### Information given
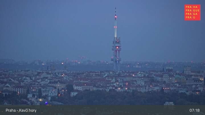 The webcam is located in Prague near the Kavčí hory park. You can see the station Děkanka.
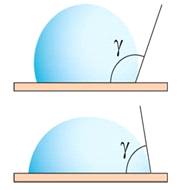 Рисунок 2. Краевой угол смачивания (γ) гидрофобной (не смачиваемой водой)
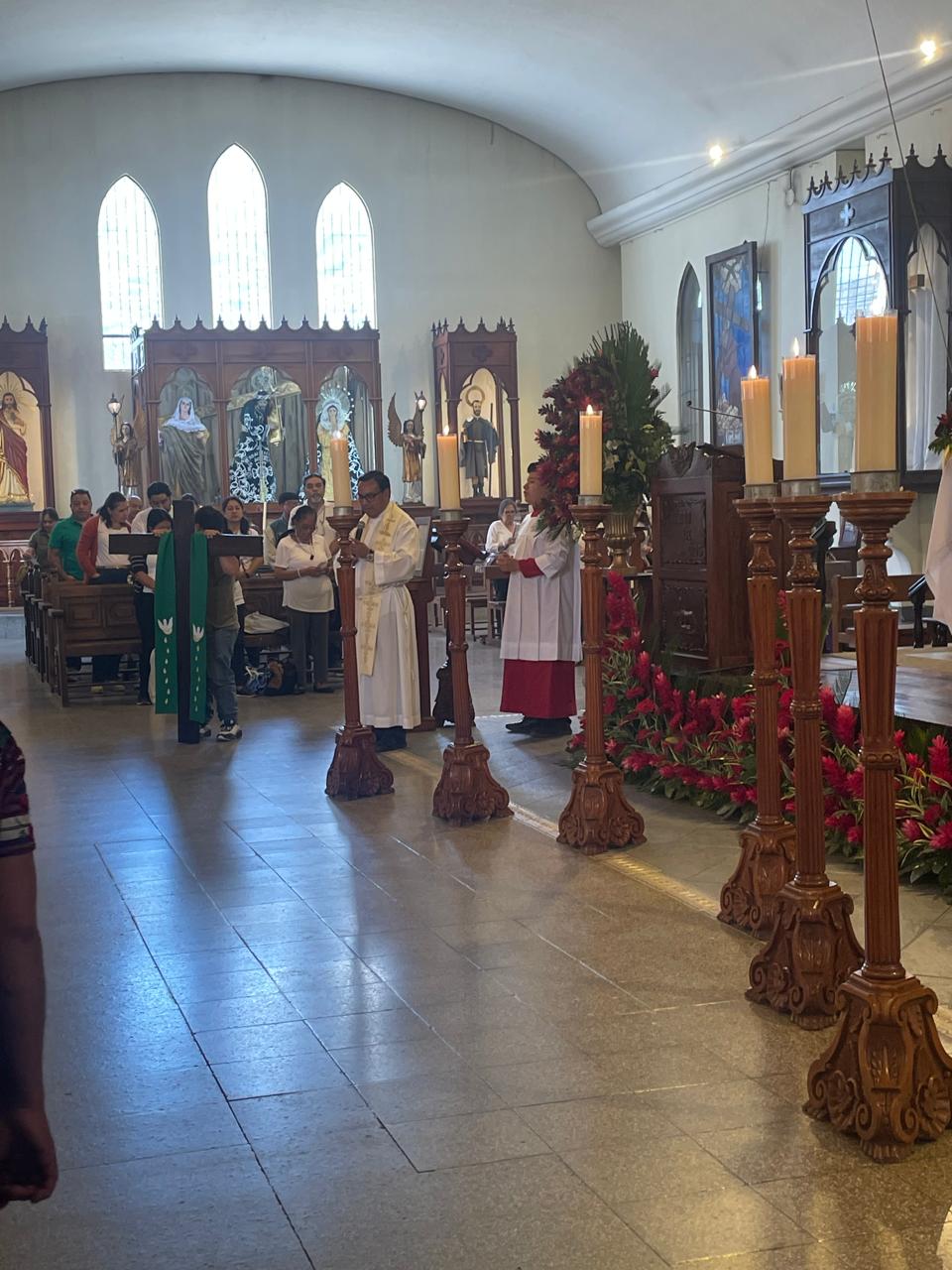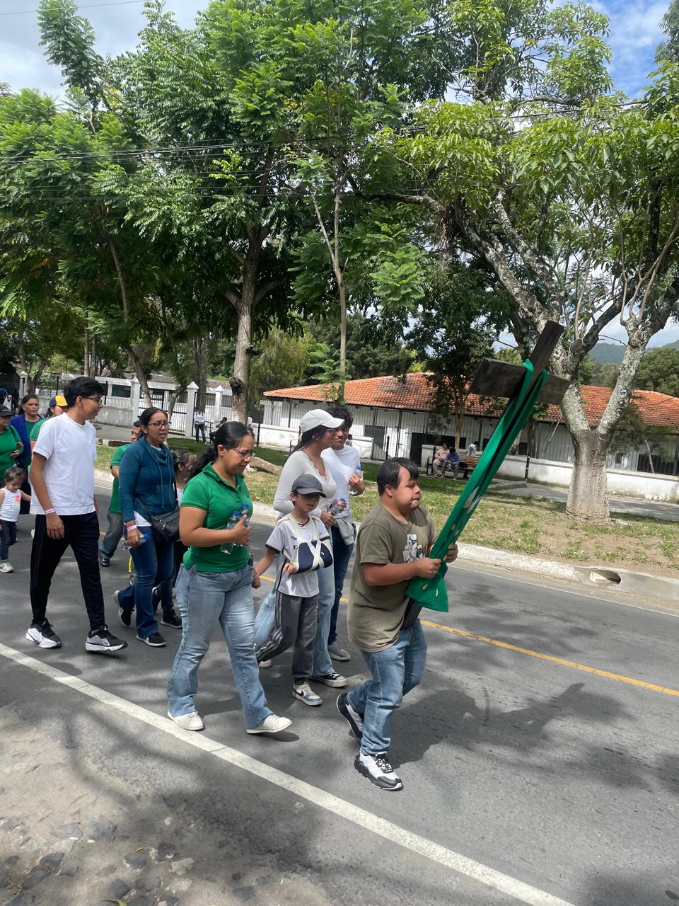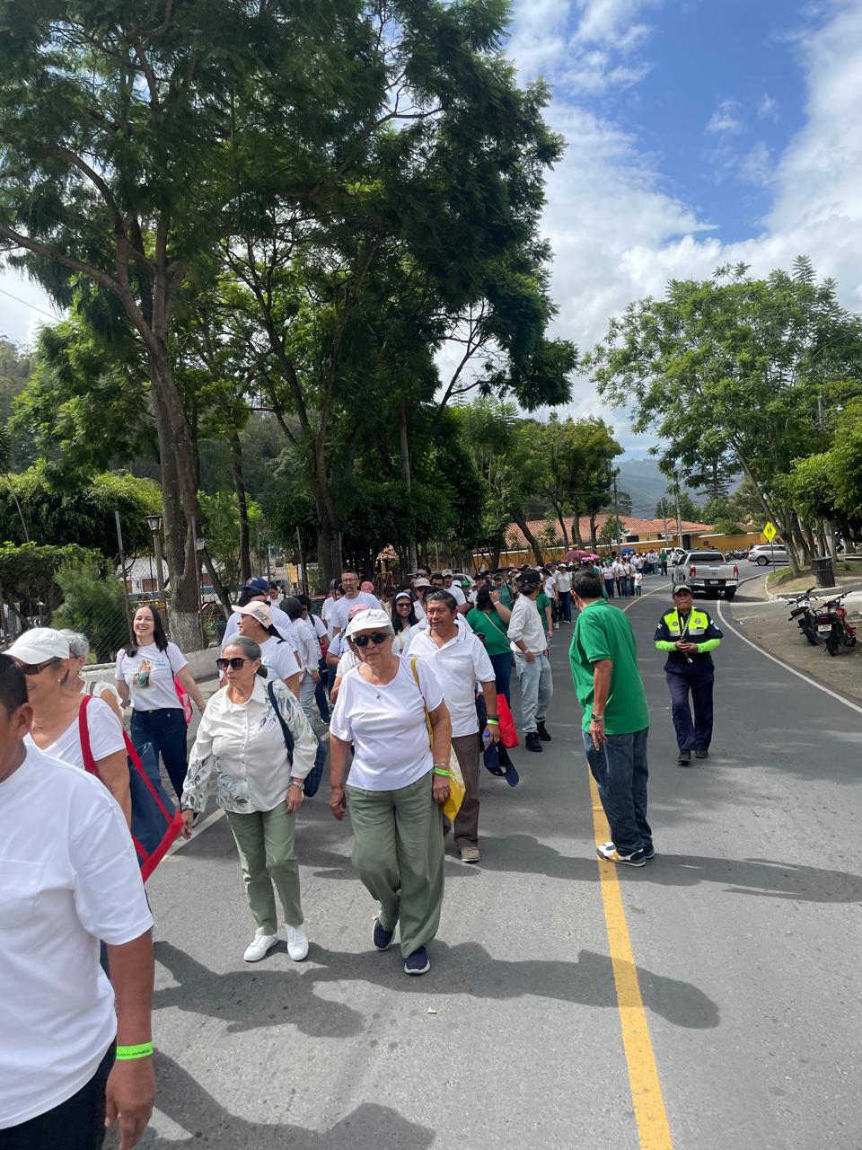 Desde tempranas horas, siete buses repletos de peregrinos partieron desde nuestra parroquia, iniciando el recorrido a las 7:30 a.m. Alrededor de las 9:00 a.m., los feligreses arribaron a la ciudad colonial, donde emprendieron una caminata festiva hacia el santuario, encabezada por una cruz de madera y animada con cantos de alabanza.
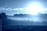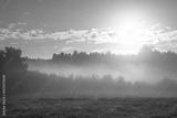Sierpniowy poranek nad łąkami. Jest słoneczny dzień, nad ziemią unosi się kłębiasta mgła przysłaniająca krajobraz. Wschodzące słońce rozświetla mgłę.
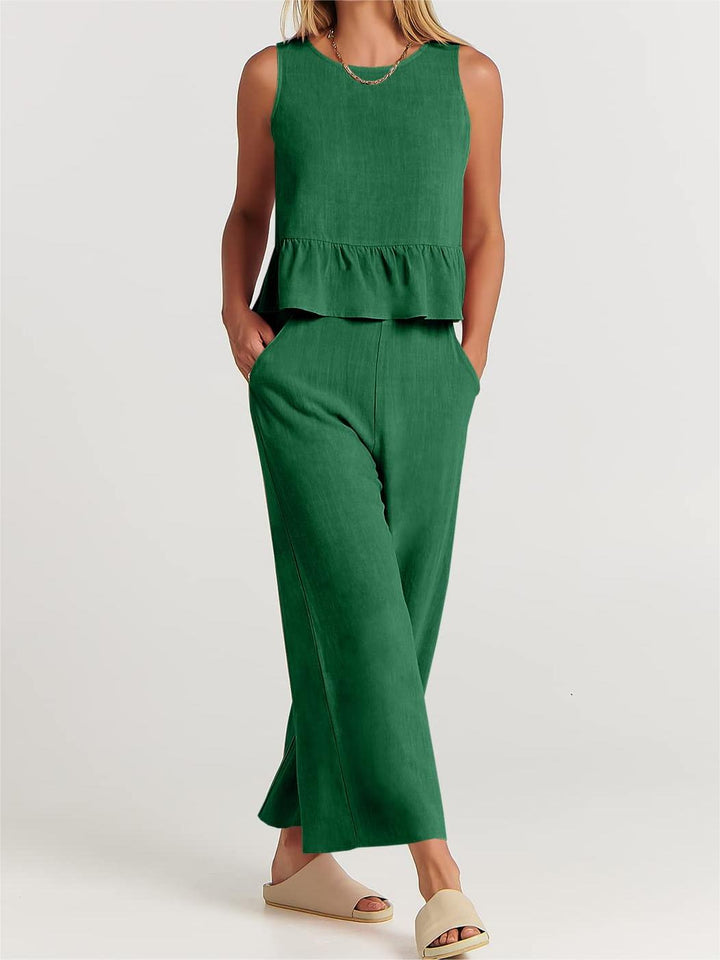 - Features - Cute Summer 2 piece outfits featured sleeveless round neck ruffle hem crop top with button down back, elastic High waist wide leg above ankle length pants with pocket.
######
Requirement: Retype the records above word for word, from their first line through the line containing "Desde tempranas horas, siete", and leave out every picture.

Your response:
 The webcam is located in Prague near the Kavčí hory park. You can see the station Děkanka.
 Рисунок 2. Краевой угол смачивания (γ) гидрофобной (не смачиваемой водой)
 Desde tempranas horas, siete buses repletos de peregrinos partieron desde nuestra parroquia, iniciando el recorrido a las 7:30 a.m. Alrededor de las 9:00 a.m., los feligreses arribaron a la ciudad colonial, donde emprendieron una caminata festiva hacia el santuario, encabezada por una cruz de madera y animada con cantos de alabanza.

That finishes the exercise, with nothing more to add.